§ **DESCRIPTION OF THE TASK**
Repeat only the lines below from the one that contains "A striking red" through the final line, exactly. Omit pictures.

§ **PROVIDED DATA**
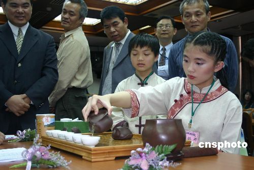 平日人称充满“炮火硝烟味”的台湾“立法院”群贤楼一0一会议室,今天却飘散着阵阵茶香。来自嘉义县梅山乡太和村小学的十二位持有“小小泡茶师”资格认证的学童,在此执壶展现训练有素的茶艺礼仪。
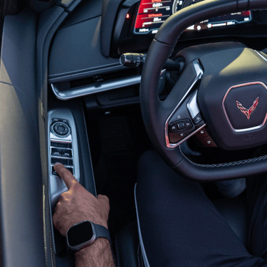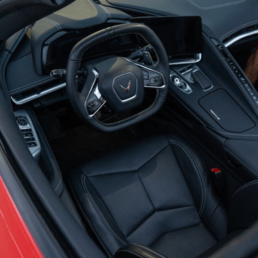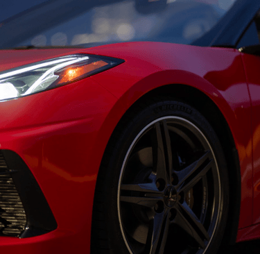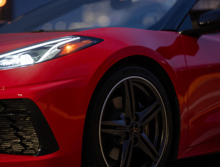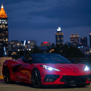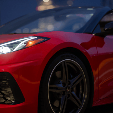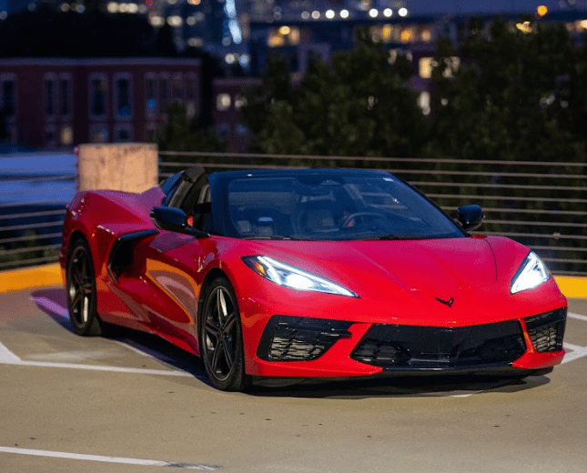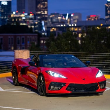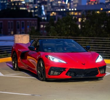 A striking red Chevrolet Corvette C8 that commands attention with its sharp aerodynamic design, aggressive front fascia, and low, mid-engine stance, a perfect fusion of American performance and exotic supercar appeal.
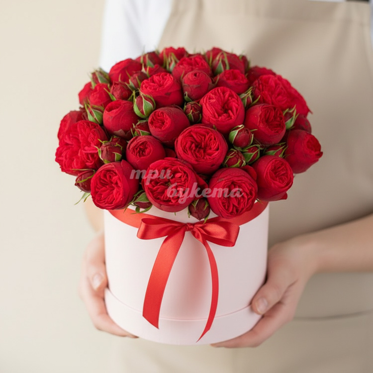 Розы «Red Piano» в шляпной коробке

§ **SOLVED EXERCISE**
 A striking red Chevrolet Corvette C8 that commands attention with its sharp aerodynamic design, aggressive front fascia, and low, mid-engine stance, a perfect fusion of American performance and exotic supercar appeal.
 Розы «Red Piano» в шляпной коробке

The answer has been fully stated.